= Sir William Williams, 2nd Baronet, of Gray's Inn =

Welsh politician

Sir William Williams, 2nd Baronet (c. 1665 - 20 October 1740), of Glascoed, Llansilin, Denbighshire was a Welsh landowner and Tory politician who sat in the House of Commons from 1708 to 1710.

==Early life==
Williams was the son of Sir William Williams, 1st Baronet, of Gray's Inn and his wife Margaret Kyffin. His father was Speaker of the House of Commons. Williams married Jane Thelwall, the great-granddaughter of Sir John Wynn, 1st Baronet, and daughter and heiress of Edward Thelwall of Plas-y-Ward in 1684. The name Thelwall is cognate with the name Llewellyn. In 1695, he was appointed Sheriff of Denbighshire. He succeeded his father to the baronetcy on 11 July 1700. He became Sheriff of Montgomeryshire for 1704, Sheriff of Merioneth for 1706 and Sheriff of Caernarvonshire for 1707.

==Career==
Williams was returned unopposed as Tory Member of Parliament for Denbigh Boroughs at the 1708 British general election. He told for the Tories in a division over an electoral petition and voted against the impeachment of Dr Sacheverell in 1710. He declined to stand at the 1710 British general election, probably on account of ill-health.

==Later life and legacy==
Williams' wife died in 1706 and he married as his second wife Catherine Davies, daughter of Mytton Davies of Gwysan, Flintshire. In 1719, he came into the entire Wynnstay estate near Ruabon, Denbighshire, together with estates in Montgomery, Merioneth and Llangedwyn, Denbighshire, from his first wife's relative, Sir John Wynn, 5th Baronet. Since Wynn and Sir William Williams were the two largest landowners in north Wales at that time, the combined estate dwarfed all others in the area.

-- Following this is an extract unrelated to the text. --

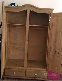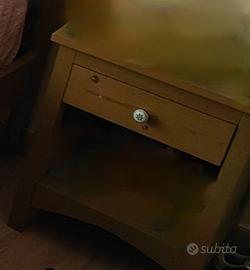 Amardi due ante ciascuno, in vero legno e pitturati a mano. Molto ampi e nonostante siano vintage, in ottime condizioni. Pomelli cassetti e ante in vetro e dipinti a mano. Letto singolo con materasso nuovo. Comodino. Scrivania

In honour of his wife's ancestry, Sir William changed his name to Sir William Williams-Wynn of Wynnstay.

Williams died on 20 October 1740, aged about 75. His children by his first wife included Sir Watkin Williams Wynn, 3rd Baronet, Robert Williams, MP, Richard Williams, MP and a daughter Sydney, who married John Wynne.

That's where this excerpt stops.